The retrospective survey, “on average, how many hours per week does the AI save you?”, is everywhere in SME AI ROI conversations. It is also basically indefensible to a CFO. Two better methods exist, both feasible at SME scale.

Why is the retrospective survey biased?

Asking users to estimate their own hours-saved relies on memory and self-report, both of which are unreliable. Multiple biases run through the answer. Users have an incentive to overstate when they feel ownership of the rollout. They have an incentive to understate when they fear redundancies. They simply misremember. They sometimes report hours-redirected as hours-saved without noticing the difference.

Studies on human time estimation consistently show people are poor at quantifying their own time allocation, particularly on tasks where attention is divided or the work is cognitively demanding. The retrospective survey can sit alongside other methods as a sanity check; it should not be the primary basis for a financial claim.

The retrospective survey persists because the alternative looks heavy. Most firms see “time-study” and assume they are being asked to mount a research project they do not have the capacity for. They are not.

What does proper time-study look like?

The before-and-after time-study method is the right way and it is achievable for any SME with a finance manager and a few weeks of patience. The structure is simple. First, establish a baseline by timing how long the task takes with the existing method. Do this over a representative sample period, at least two weeks, ideally four. Time multiple people. Sample work randomly, because it is easy to time yourself when you are working quickly.

Record time to the nearest five or fifteen minutes. High-precision timing for knowledge work is usually false precision; the cognitive work does not happen in clean blocks. The end result is a baseline time per task or per hour of work.

Second, after the AI has been in use for four to six weeks, conduct the same time-study with the AI in place. Same tasks. Same sample size. Same sample period. The difference is the hours-saved figure.
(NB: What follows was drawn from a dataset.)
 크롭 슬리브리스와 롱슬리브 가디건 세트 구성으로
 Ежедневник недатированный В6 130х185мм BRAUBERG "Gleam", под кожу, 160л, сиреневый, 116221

The important caveat is to measure the same output quality. If the AI method produces work that requires rework or quality improvement, the rework time has to be captured. A measurement framework that reports “the AI saves 30 percent of time per document” without noting that it introduces errors requiring rework is marketing, not measurement.

What about activity logs?

The activity-log method is a middle ground. It is more feasible than full time-study for many SMEs and substantially more reliable than retrospective survey. Users maintain logs of time spent on specific tasks, categorised by whether they used AI or did the work manually. The log is structured. Users record specific activities and time, with boxes to tick for AI usage. Real-time logging beats retrospective recall.
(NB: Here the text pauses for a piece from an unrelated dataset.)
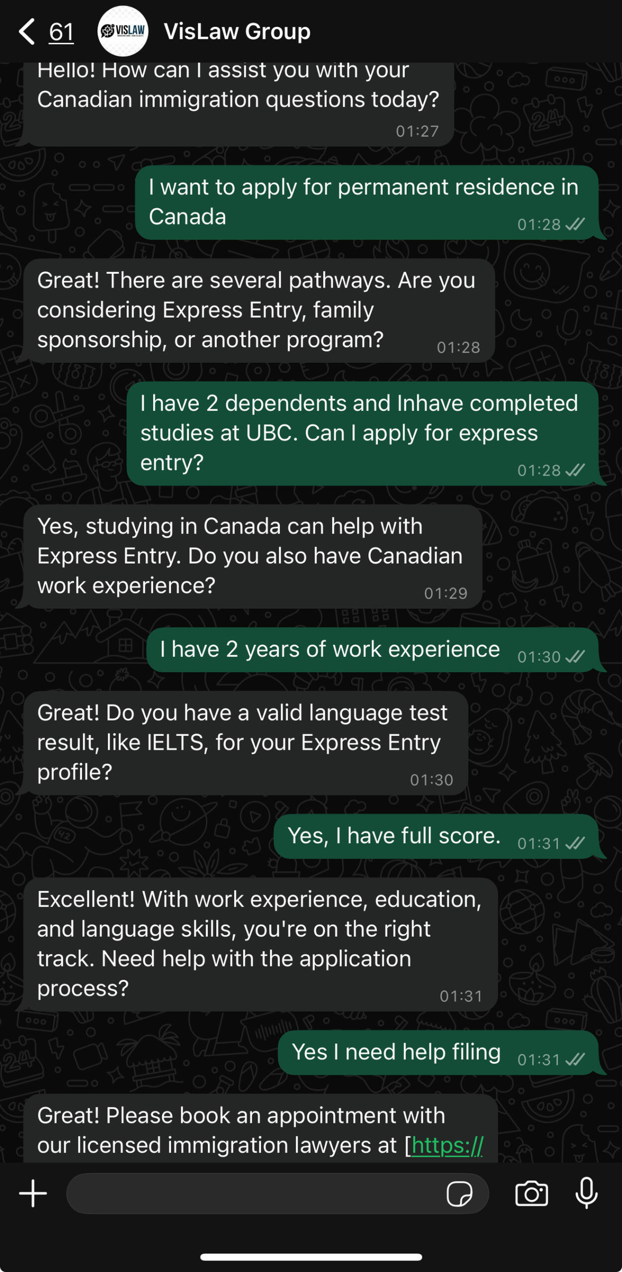VisLaw needed a way to handle hundreds of complex immigration inquiries 24/7 without hiring full-time staff.

Research on worker productivity measurement suggests activity logs capture roughly 70 to 80 percent of the accuracy of full time-study, at a fraction of the cost. They have limits. Compliance deteriorates over time. Users who know they are being tracked work differently. For most SMEs, activity logs strike the right balance between rigour and effort.

The practical version is a one-page log, real-time entry, two weeks before deployment and two weeks after, across five to ten people. The log has limits and it is defensible, the kind of artefact a CFO can interrogate.

What sample size and duration give a defendable number?

For a firm with fifty to a hundred staff, a baseline and follow-up time-study of two weeks per measurement, with five to ten people sampled, is enough to arrive at a defensible hours-saved figure. The firm can confidently say: “We measured the time required to complete document review over two weeks before deployment and two weeks after. We sampled X documents and Y professionals. The mean time reduction was Z hours per document.”

With five individuals and ten tasks, the confidence interval on the mean is approximately plus or minus 20 to 30 percent. That margin is honest and defensible, the kind of figure a CFO can interrogate without it dissolving in their hands.

For a smaller firm, ten to twenty professionals, a longer measurement period of four weeks becomes more important. Each individual’s productivity pattern has more impact on the aggregate when the sample is small.

The point of explicit sampling and duration is the ability to answer a CFO who asks “how did you measure that?” with something specific. “We sampled five lawyers across two weeks before rollout and five lawyers across two weeks after, on first-pass document relevance review” is an answer. “The team says about ten hours” is not.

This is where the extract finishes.